Westpac and its associated banking family was the first to go public, saying they are shutting down the window on these types of transactions, but now most banks and mortgage operators have come forward to say they are also being careful when it comes to foreign investment in the residential market.

The most interesting part of this story is that all the banks are saying it probably won’t be a problem and they are just being cautious as the real estate market cools down.

Last week’s preliminary auction clearance rate in Sydney was 72.6 per cent, lower than the 87.6 per cent last year, according to CoreLogic RP Data. Melbourne’s preliminary rate was also down at 71.2 per cent.
Westpac indicated that foreign portion of its loan book only represented 3 per cent of the total and was treated separately from the general mortgage account.

THE REAL PROBLEM

The real problem is no one knows the real numbers. As of a year ago up to 30 per cent of the Melbourne apartment market was thought to be Chinese money. It’s now down around 10 per cent. Victoria has helped the slowdown by imposing higher charges on foreign buyers and increasing fees on their rental returns. The Reserve Bank itself has directed banks curtail lending in the investor market.

However, the pain will come is when foreign buyers – and local investors – try to raise settlement finance on completion of a lot of apartments and find either they can’t raise the targeted amount because the banks loan book is full, or the banks have lowered residual valuations in line with a more cautious market.

IMG_1005It’s then they must decide whether to go ahead with the transaction – and hope the market still delivers them a capital gain – or rent the property which they never intended to do, or simply dump the deposit.

Whatever the case the banks do look to be in a comfortable place but why were they were lending money on a handshake and some phoney documentation from China?

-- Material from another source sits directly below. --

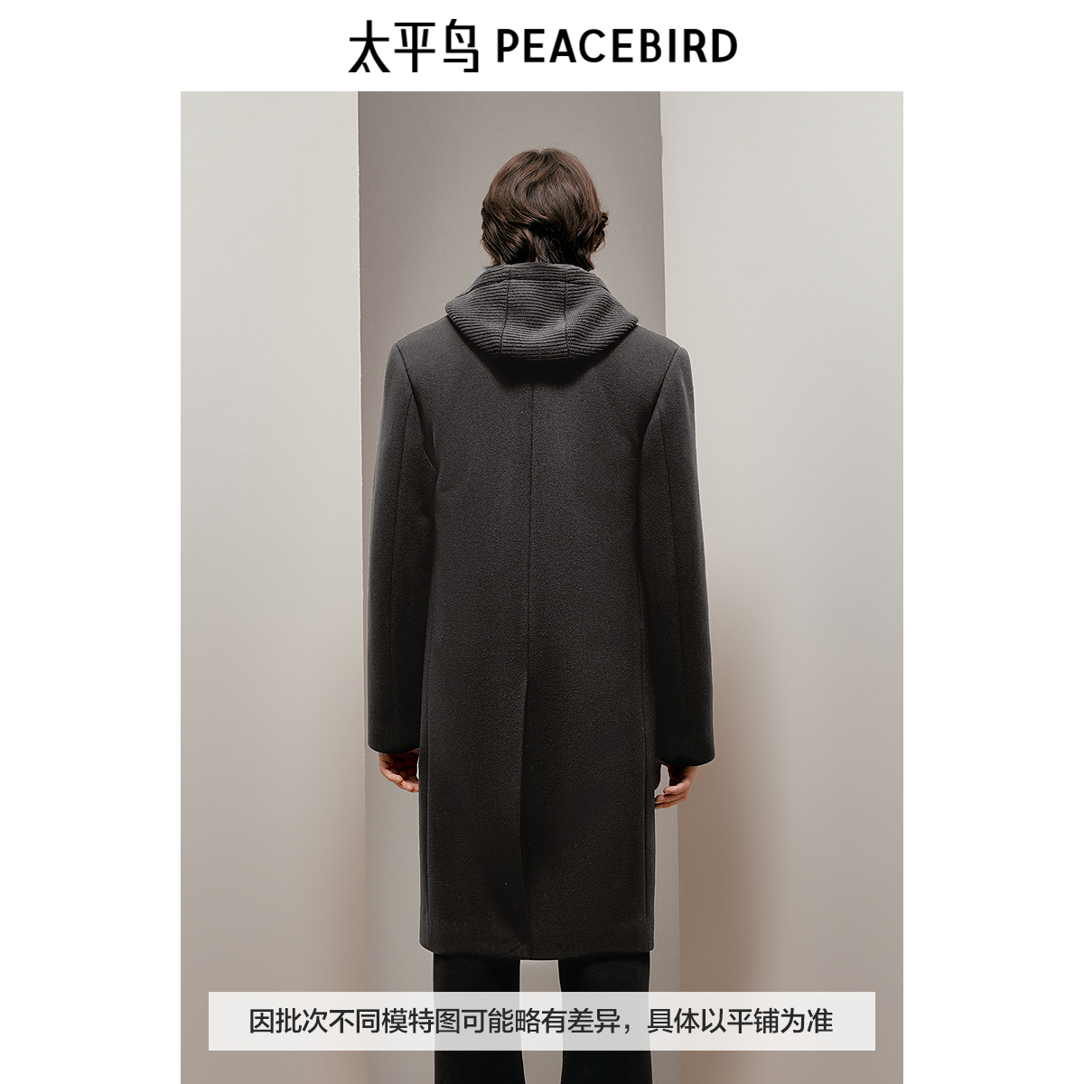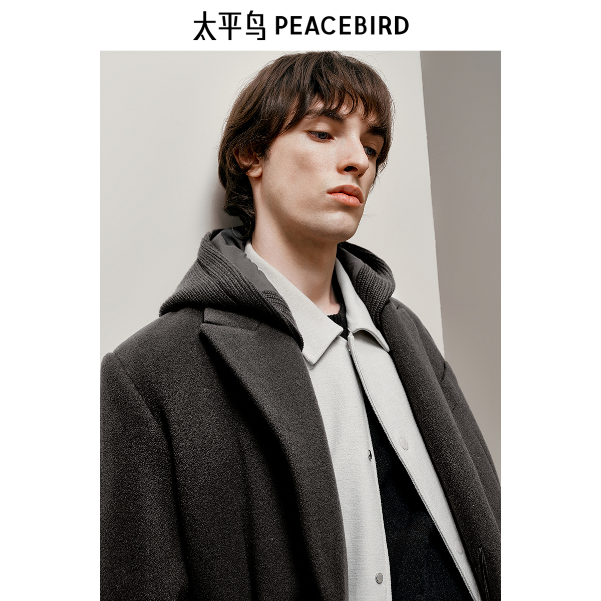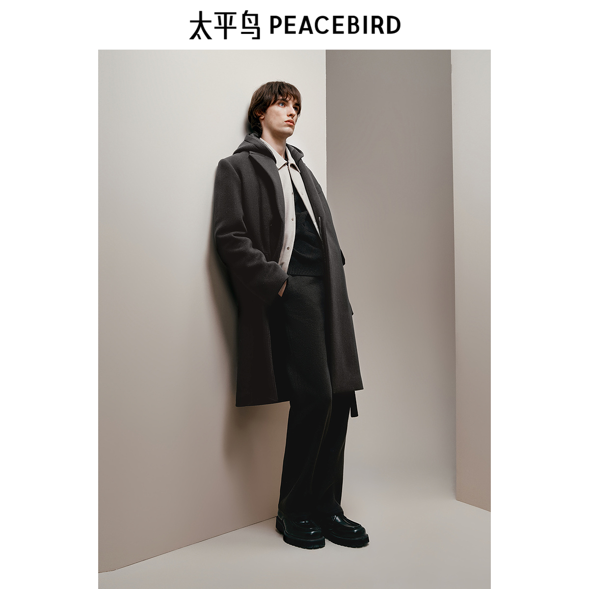 太平鸟男装 Juan alazar联名合作系列大衣中长连帽品质毛呢外套,浙江 宁波

As for the property developers, getting the deposit isn’t a bad outcome as long as they can sell the property again at a profit. That’s the key question. And as for the banks they would be more worried about their exposure to the residential construction industry than to single foreign investors.

AND MORE BAD NEWS

By next financial year, each state except for NSW will be in dwelling oversupply. That’s the conclusion of BIS-Shrapnel, which estimated that Melbourne will have 21,900 more dwellings than needed; West Australia will be over-supplied by 9000 homes and Queensland by 6400.

BIS in particular pointed to the dramatic increase in high-rise apartments, saying that dwelling commencements would peak nationally in the March quarter at record 221,000, with the big increase in high-rise apartments, and not traditional detached homes.

At the same time the key drivers of demand are in decline, BIS pointed out. Net overseas migration has halved from a high 300,000 in 2008-09 to an expected 150,000 this financial year while investor support was already down 12 per cent in the year to January

BIS which is well-known for its challenging calls on the industry said the downturn in high rise apartment construction would be significant with the apartment commencements in the Melbourne and Brisbane dropping up to 60 per cent, the forecaster predicts

BIS told the Financial Review that NSW – essentially Sydney – is still suffering from over a decade of under-building and there was little risk of oversupply before 2019-20.